Show HN: RepoGPT – question answering over repos using contextual chunking

2 points

3 years ago

Hello! RepoGPT is a tool I created that allows you to perform question answering over code repositories using contextual chunking. The backstory to this is I was trying out LangChain's demo for question answering over code repositories and it would often produce incorrect responses because the code chunks that files were getting split into were lacking context. For example, if there is a particularly long method implemented in a file, that method might be split across multiple code chunks. If the question being asked required the LLM to understand that method then all of those chunks need to be returned by the vector store - this might not necessarily happen if the query does not have a high enough semantic similarity to each chunk.
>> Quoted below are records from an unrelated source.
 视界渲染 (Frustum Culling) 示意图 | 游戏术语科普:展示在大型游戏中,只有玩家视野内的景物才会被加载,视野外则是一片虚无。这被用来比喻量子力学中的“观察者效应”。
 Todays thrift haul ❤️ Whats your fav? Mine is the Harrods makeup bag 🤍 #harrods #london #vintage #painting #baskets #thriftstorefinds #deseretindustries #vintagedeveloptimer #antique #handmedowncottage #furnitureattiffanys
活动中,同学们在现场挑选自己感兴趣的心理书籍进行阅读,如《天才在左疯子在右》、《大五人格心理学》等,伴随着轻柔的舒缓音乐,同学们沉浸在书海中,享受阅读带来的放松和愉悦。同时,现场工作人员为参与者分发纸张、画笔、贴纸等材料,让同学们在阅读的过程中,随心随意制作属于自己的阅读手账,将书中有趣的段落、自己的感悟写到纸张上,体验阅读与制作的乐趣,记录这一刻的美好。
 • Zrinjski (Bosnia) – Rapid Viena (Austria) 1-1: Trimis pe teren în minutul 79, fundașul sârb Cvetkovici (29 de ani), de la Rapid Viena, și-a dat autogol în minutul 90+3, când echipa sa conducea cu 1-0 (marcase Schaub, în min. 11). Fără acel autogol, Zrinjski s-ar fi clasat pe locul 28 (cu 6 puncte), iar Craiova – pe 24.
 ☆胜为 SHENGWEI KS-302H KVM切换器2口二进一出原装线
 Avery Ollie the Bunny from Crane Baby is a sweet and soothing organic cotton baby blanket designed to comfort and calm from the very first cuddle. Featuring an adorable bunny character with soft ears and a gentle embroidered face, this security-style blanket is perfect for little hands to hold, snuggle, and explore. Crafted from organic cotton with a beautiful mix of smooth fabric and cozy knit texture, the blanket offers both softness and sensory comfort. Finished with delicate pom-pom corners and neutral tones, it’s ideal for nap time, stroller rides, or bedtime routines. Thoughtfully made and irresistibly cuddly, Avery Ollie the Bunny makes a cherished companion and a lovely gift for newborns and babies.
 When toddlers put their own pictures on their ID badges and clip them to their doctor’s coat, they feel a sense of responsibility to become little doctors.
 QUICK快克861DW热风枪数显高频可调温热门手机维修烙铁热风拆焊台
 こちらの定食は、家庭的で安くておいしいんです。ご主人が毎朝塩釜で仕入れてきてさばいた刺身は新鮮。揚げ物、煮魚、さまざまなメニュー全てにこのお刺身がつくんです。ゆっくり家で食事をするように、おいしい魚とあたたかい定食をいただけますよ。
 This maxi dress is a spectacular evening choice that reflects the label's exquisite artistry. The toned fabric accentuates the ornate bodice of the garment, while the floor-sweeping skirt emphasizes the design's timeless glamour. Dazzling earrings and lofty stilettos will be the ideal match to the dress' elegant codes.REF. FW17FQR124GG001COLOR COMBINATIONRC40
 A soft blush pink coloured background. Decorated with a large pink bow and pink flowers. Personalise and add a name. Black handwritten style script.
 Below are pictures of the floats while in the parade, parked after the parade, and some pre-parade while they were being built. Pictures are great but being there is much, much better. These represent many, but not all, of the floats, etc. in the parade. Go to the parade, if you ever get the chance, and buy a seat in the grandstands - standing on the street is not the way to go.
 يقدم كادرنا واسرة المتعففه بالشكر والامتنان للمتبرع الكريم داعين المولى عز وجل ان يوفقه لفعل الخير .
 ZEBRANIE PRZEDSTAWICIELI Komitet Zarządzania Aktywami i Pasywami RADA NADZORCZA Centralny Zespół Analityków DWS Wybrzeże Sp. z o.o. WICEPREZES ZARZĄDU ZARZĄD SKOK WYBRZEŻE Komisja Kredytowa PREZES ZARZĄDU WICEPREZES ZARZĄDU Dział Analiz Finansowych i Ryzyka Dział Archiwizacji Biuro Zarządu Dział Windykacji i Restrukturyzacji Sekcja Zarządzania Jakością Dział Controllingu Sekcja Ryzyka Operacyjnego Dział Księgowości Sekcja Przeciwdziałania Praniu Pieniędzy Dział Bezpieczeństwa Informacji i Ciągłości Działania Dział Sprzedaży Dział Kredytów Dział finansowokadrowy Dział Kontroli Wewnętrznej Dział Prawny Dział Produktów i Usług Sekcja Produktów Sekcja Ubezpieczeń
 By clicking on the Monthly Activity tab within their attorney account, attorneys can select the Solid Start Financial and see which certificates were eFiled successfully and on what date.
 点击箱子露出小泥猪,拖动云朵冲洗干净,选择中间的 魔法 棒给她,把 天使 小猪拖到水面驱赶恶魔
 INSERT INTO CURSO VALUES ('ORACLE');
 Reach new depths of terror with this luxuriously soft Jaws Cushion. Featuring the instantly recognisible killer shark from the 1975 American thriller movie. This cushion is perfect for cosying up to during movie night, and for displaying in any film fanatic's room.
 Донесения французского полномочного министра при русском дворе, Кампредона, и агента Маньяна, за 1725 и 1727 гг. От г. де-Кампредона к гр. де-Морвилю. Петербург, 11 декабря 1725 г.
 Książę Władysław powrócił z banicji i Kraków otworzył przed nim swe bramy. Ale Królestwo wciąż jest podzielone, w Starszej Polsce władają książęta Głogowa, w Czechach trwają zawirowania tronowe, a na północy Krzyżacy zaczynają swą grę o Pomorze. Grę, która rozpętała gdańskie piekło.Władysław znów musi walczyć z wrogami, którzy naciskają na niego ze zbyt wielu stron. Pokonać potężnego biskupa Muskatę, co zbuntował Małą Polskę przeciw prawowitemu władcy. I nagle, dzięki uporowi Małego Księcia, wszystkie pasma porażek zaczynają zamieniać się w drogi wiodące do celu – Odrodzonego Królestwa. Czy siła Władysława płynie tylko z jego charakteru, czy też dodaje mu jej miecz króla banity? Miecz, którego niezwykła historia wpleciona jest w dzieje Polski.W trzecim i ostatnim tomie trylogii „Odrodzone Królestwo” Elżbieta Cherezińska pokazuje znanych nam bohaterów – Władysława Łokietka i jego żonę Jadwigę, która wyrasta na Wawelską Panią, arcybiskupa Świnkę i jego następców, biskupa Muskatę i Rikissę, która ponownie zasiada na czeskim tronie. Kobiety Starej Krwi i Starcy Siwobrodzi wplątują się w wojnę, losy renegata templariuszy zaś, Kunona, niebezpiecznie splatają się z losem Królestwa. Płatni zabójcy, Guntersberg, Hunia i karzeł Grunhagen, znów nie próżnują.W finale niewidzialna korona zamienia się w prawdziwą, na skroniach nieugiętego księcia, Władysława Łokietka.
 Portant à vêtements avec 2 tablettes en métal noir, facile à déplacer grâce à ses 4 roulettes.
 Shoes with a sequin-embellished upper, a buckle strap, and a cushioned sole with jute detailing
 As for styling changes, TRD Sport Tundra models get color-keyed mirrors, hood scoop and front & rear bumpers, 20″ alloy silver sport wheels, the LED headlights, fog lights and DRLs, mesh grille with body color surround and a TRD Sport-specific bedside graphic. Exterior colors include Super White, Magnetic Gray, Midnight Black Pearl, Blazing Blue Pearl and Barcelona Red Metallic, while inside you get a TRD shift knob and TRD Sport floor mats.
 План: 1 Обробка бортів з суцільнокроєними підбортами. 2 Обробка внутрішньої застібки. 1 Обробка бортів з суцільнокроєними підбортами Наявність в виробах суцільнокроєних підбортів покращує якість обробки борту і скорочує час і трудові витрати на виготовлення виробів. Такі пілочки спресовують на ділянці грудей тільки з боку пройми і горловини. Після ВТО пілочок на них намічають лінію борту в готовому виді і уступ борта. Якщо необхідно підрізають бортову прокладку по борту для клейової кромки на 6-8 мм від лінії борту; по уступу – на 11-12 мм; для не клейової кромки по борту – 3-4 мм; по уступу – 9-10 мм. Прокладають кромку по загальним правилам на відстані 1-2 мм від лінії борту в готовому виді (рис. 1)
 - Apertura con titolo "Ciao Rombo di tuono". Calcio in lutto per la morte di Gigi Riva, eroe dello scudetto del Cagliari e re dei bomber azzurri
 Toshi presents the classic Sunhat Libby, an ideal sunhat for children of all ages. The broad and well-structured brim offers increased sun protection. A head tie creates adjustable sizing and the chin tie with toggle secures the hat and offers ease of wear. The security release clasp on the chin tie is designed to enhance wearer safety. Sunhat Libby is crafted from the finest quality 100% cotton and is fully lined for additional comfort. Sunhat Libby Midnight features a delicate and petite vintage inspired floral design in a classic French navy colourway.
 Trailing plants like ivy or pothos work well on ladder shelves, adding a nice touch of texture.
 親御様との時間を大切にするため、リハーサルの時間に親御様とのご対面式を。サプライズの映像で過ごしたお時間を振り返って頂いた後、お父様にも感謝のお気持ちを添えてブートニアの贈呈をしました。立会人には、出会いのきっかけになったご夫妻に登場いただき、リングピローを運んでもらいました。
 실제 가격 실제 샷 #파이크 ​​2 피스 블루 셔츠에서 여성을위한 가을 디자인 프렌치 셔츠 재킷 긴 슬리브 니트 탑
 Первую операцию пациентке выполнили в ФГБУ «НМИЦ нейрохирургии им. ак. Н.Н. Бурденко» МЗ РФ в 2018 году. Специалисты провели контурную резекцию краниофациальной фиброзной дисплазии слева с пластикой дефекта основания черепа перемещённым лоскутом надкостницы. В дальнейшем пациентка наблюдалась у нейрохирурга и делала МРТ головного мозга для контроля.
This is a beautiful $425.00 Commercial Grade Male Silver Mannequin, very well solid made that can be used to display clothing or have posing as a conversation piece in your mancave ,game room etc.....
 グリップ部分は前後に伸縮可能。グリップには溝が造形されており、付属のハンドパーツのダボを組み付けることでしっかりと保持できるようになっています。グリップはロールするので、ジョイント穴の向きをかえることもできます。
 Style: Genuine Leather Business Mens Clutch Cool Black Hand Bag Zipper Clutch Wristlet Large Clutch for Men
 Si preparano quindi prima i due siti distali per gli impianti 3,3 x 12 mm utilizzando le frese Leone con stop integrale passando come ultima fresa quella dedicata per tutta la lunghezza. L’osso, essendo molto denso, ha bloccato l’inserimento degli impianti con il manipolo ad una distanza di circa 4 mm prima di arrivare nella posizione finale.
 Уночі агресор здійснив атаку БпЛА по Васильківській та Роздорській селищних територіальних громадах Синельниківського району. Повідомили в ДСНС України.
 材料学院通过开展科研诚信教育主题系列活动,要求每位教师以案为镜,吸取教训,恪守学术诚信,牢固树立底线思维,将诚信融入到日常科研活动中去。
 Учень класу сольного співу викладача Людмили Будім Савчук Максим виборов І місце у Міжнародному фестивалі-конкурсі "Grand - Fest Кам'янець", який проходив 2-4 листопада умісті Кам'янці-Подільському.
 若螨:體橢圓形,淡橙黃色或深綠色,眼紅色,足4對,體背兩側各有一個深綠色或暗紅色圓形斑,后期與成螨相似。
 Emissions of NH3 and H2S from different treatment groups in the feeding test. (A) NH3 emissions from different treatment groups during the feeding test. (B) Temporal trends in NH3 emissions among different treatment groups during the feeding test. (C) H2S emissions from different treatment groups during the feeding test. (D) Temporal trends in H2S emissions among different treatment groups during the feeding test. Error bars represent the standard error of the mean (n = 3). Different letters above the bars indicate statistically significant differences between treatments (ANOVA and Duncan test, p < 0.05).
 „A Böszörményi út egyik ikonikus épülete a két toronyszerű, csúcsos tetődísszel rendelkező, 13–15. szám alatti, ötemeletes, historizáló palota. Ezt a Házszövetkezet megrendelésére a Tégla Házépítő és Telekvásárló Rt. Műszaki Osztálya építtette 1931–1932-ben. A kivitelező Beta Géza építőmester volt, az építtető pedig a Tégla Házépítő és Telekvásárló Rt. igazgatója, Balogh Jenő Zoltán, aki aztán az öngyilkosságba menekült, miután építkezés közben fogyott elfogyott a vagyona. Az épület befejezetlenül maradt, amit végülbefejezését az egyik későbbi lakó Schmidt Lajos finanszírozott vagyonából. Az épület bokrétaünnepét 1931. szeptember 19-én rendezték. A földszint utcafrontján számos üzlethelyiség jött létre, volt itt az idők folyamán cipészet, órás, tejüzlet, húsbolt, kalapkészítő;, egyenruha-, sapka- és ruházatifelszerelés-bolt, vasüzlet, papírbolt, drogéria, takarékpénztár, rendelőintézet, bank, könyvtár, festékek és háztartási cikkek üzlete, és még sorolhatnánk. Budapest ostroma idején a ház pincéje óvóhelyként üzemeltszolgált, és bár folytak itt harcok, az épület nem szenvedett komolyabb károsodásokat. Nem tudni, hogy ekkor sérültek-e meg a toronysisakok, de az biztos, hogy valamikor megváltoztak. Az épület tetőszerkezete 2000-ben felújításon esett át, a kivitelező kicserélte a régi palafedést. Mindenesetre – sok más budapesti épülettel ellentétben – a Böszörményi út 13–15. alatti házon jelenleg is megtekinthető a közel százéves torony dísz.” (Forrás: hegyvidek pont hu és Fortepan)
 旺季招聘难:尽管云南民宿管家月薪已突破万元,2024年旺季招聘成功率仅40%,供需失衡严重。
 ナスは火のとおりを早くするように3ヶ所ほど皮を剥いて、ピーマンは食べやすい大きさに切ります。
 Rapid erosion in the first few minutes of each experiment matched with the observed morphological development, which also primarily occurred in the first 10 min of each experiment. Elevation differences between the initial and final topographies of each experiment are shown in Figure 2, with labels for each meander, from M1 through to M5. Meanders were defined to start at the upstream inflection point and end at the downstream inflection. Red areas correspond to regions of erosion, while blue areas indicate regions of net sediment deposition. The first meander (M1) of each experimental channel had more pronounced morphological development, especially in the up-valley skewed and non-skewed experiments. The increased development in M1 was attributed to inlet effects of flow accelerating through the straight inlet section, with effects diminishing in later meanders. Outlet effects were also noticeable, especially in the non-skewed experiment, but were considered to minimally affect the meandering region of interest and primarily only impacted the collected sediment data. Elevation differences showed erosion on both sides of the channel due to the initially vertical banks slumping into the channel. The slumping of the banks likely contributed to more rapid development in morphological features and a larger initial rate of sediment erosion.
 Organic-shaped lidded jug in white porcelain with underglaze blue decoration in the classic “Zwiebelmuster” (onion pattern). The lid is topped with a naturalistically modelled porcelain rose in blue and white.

Also even if the correct chunks are given to the LLM, it might not understand how they fit together. RepoGPT tries to fix this by adding contextual information to each chunk, including the file it came from, the line numbers the chunk spans, and most importantly the classes and methods that the chunk may be part of. The latter was done using python ast's for python code and py-tree-sitter for other types of files (languages other than python have not been tested much though). After playing around with it, it seems to be performing pretty well - particularly with gpt-4. It's really cool to see how the LLM is able understand entire methods that are split across multiple chunks based on the contextual information added. I really think this allows LLMs to answer a wider array of questions across repos. Please play around with it, instructions are in the README. I've tried adding local LLM's as well but those are very experimental right now.